START DATASET EXCERPT

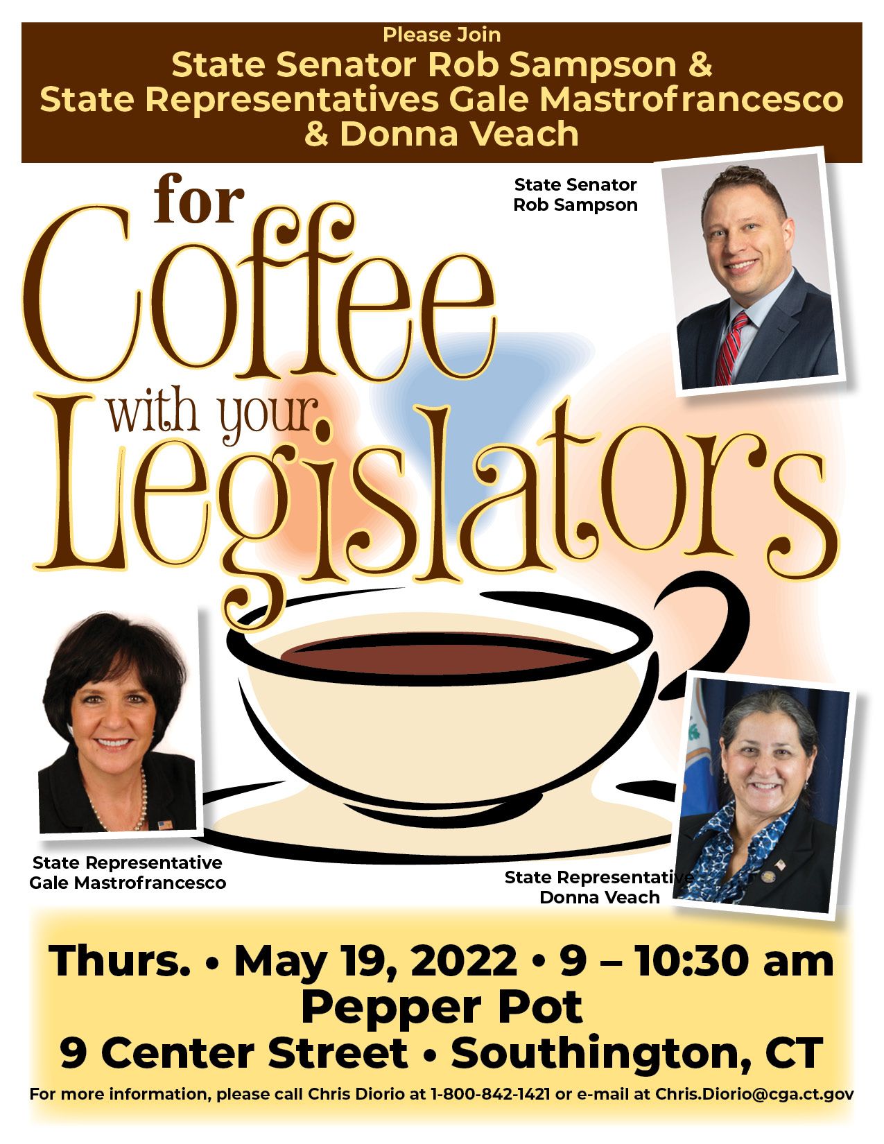 If you have any questions or are unable to attend but would still like to connect with Representative Mastrofrancesco and Veach please call (800) 842-1423 or (860) 240-8700 or Senator Sampson at 1-800-842-1421.
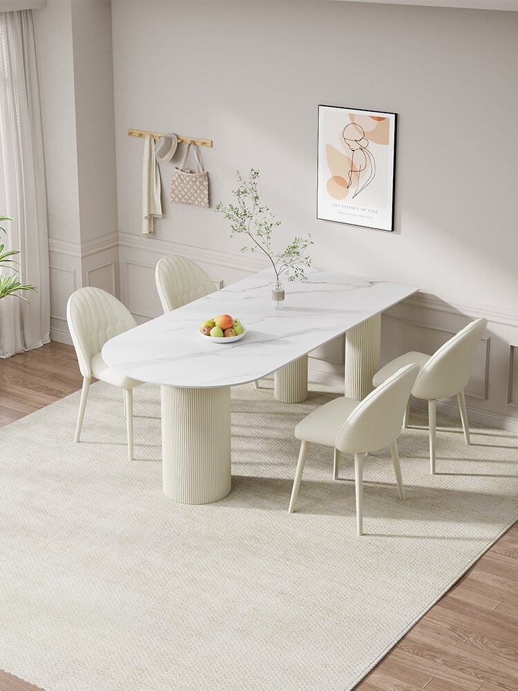 Cream Style High end French style Island Table Oval Pure White Rock Plate Dining Table Light Luxury Dining Table Home Simple
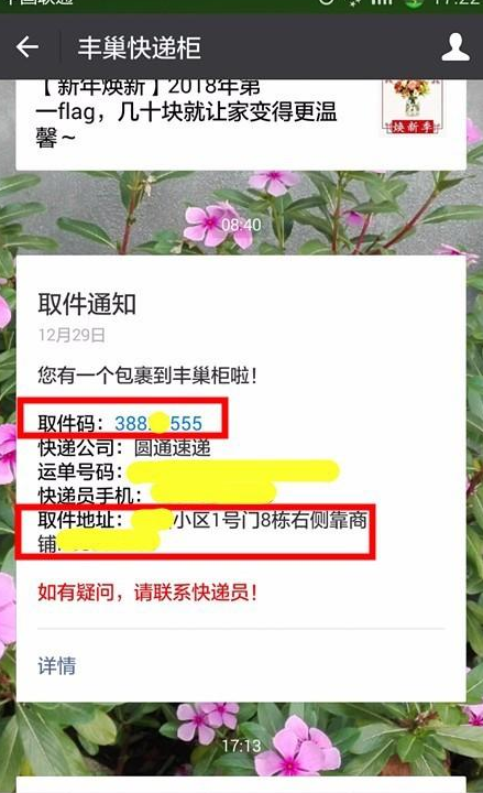 1、点击打开丰巢快递柜的公众号,就可以看到我们的快递信息了,取件码等。

END DATASET EXCERPT

WORK ORDER: Reproduce every line above exactly as written, omitting the images.

THE COMPLETED TASK:
 If you have any questions or are unable to attend but would still like to connect with Representative Mastrofrancesco and Veach please call (800) 842-1423 or (860) 240-8700 or Senator Sampson at 1-800-842-1421.
 Cream Style High end French style Island Table Oval Pure White Rock Plate Dining Table Light Luxury Dining Table Home Simple
 1、点击打开丰巢快递柜的公众号,就可以看到我们的快递信息了,取件码等。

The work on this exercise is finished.